Dear God, please make me young again.

Anyone who thinks our universities are still places of serious academia need only take a quick look at their farcical course offerings. “Queer Theory”? “Women’s Studies”? “Computer Science”? Let’s be frank: does anyone actually understand what these mean? I sure don’t, and feeling out of touch scares me so much that I lash out at waitresses.

University life has changed tremendously since I was a student. Back when I was in college, I was a cool, virile twenty-two-year-old with washboard abs and a large group of friends. Students today would struggle to say the same, since I’m sixty-two, my kids hate me, and my doctor says I’m prediabetic.

On a recent trip to my beloved alma mater, I couldn’t believe the Orwellian state the school has become. As soon as I stepped into a dorm, the woke student horde looked at me cockeyed, as if to tell me that I didn’t belong there for the sole reason that I am a straight, white man who happened to barely graduate in the year 1983 and am neither enrolled in nor recently affiliated with the school in any capacity.

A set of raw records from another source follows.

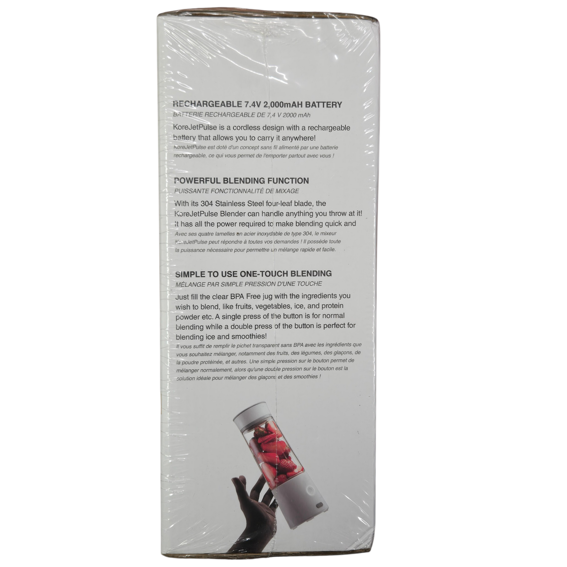 NEW The KORE JetPulse Cordless Portable Smoothie Blender is designed for convenience and efficiency. This rechargeable unit allows for easy blending without the constraints of power cords, ideal for on-the-go users. The portable design enhances versatility, catering to those seeking healthy beverage options anywhere.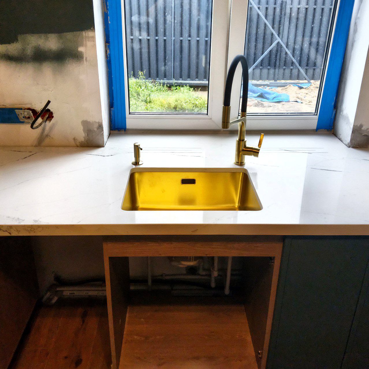 Золотая мойка, подобная изящному ювелирному украшению, эффектно выделяется на фоне белоснежной кварцевой столешницы, создавая элегантный акцент, который придает всему интерьеру ощущение утонченной роскоши и теплоты.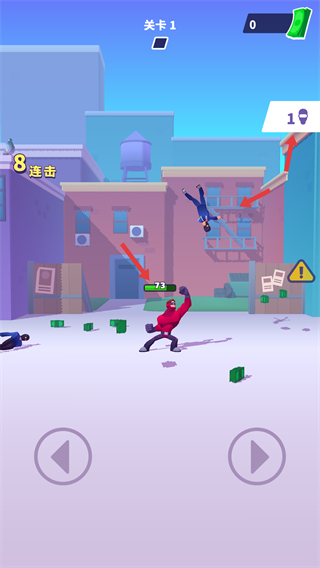 3、通過連擊提升戰(zhàn)斗效率快速擊敗敵人注意剩余敵人數(shù)量,集中火力消滅最后敵人以完成關卡期間留意自身血量避免被敵人擊敗。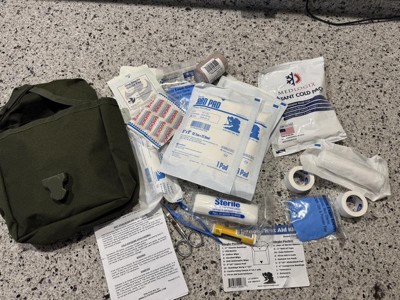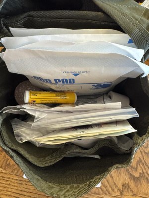 [This review was collected as part of a promotion.] Overall a good first aid kit to add to a collection. This would not be the only kit you would want, as it is lacking some of the more basic items, but one that would be nice to throw in your bug-out bag, your camping gear, in your vehicle, etc. The bag could use some help. It is just two pockets, one large, one small. Not easy to organize , but it's not a big issue since is it so small.

Now, because of DEI-inclusivity-everyone’s-a-winner grade inflation, anyone can get an A. But abandoning the value of personal responsibility in favor of high GPAs is shortsighted. Back when I was in school, students I knew most often got Bs and Cs. It wasn’t because we were dumb; it was because we did not try. We had more important things to worry about than our future. That was all lined up for us already.

Take me back, take me back, please, somebody, take me back.

I now fear that college students have lost the ability to hear opposing opinions. When a controversial figure would come to speak on campus when I was a student, we didn’t protest or try to cancel them. Instead, we had the guts to listen, really listen, to the Steve Miller Band at a party on the other side of campus.

If a professor facilitated a discussion in a lecture that challenged our preconceived notions, we welcomed the opportunity to hear about it from some nerd who actually went to class while we’d drive to the lake to skinny dip with our friends, who, at our fortieth reunion, I’d find cornering me to voice their concern about my erratic behavior.

So to professors, students, and university administrators, I urge you to make your places of learning return to pre-woke sanity: when syllabi stressed civics, when students listened to one another, when the music was better, when colors were more vibrant, when urinating was simpler, and when our foreheads were unburdened by the wrinkles of a life spent in anger.